Figure 28 Principal components of a dataset

In this case, the first principal direction is the direction that maximizes the variance of the projected data while the second principal direction coincides with the smallest principal component, along which the variance is the smallest. There exist two main method that allows for the determination of the principal directions:

- Eigenvalue decomposition (EVD) of the covariance matrix;
- Singular value decomposition (SVD) of the (centered) data matrix.

Only the first one is investigated in this thesis work.

#### 3.2.1.2 Eigenvalue decomposition of the covariance matrix

First, it is necessary to introduce the eigenvalue decomposition and the Rayleigh variational representation theorem. The algebra theorem for eigenvalue decomposition for symmetric matrices states that every symmetric matrix  $S \in \mathbb{R}^{m,m}$  can be decomposed as:

$$S = U\Lambda U^T$$

In the equation above,  $\Lambda = \text{diag}(\lambda_1, ..., \lambda_m)$  is a diagonal matrix, whose entries are the eigenvalues of S,  $\lambda_1 \ge \cdots \ge \lambda_m$  while  $U = [u_1, ..., u_p]$  is a  $m \times m$  orthogonal matrix, containing the eigenvectors  $u_i$  of S.

The Rayleigh variational theorem states that, given a symmetric matrix  $S \in \mathbb{R}^{m,m}$ , then its largest and smallest eigenvalue can be computed by solving the two optimization problems:

$$\lambda_{MAX} = \lambda_1(S) = \max_{\substack{w : ||w||_2 = 1}} w^T S w$$
$$\lambda_{MIN} = \lambda_m(S) = \min_{\substack{w : ||w||_2 = 1}} w^T S w$$

The two optima are attained, respectively, at  $w_{MAX} = u_1$  and  $w_{MIN} = u_m$ .

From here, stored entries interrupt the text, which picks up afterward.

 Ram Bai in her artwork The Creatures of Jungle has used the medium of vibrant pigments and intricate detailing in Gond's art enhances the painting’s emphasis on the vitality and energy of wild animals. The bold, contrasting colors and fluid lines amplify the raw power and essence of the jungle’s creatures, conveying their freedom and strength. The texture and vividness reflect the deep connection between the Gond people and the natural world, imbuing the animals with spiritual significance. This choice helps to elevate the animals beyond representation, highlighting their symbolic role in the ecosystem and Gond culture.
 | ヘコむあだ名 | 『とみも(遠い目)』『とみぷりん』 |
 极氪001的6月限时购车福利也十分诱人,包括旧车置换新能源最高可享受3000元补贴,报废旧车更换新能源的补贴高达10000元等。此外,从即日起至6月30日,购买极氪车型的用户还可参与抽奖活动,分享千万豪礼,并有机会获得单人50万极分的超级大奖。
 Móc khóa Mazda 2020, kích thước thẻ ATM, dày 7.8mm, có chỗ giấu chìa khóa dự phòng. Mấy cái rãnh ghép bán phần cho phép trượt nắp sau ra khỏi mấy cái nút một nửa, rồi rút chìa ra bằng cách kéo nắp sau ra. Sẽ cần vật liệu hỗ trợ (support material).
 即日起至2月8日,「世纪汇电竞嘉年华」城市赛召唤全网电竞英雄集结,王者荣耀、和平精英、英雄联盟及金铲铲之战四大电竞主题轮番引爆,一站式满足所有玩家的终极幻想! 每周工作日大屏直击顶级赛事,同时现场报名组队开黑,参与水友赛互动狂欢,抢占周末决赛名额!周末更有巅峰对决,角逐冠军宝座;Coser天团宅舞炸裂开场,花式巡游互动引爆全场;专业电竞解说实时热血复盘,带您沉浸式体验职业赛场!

Before, it has been asserted that the principal direction can be find by solving the following optimization problem involving the sample covariance matrix:

$$v_{max} = \max_{||v||_2=1} v^T S v$$

Since the covariance matrix is symmetric, its eigenvalue decomposition can be written as  $S = \sum_{i=1}^{d} \lambda_i u_i u_i^T$ , with  $\lambda_1 \ge \cdots \ge \lambda_d$  and  $U = [u_1, \dots, u_d]$  is orthogonal. According to the Rayleigh variational theorem, the above optimization problem is equal to:

$$\lambda_{MAX} = \max_{||v||_2 = 1} v^T S v$$

As a consequence, the solution for the optimization problem is  $u_1$ , which is the eigenvector of S corresponding to its largest eigenvalue. At the same way, the eigenvector  $u_2$ , which is the eigenvector of S associated to its second largest

eigenvalue, returns the second direction of maximal variance and so on. Finally, the k directions of largest variance can be obtained by performing the eigenvalue decomposition of the covariance matrix.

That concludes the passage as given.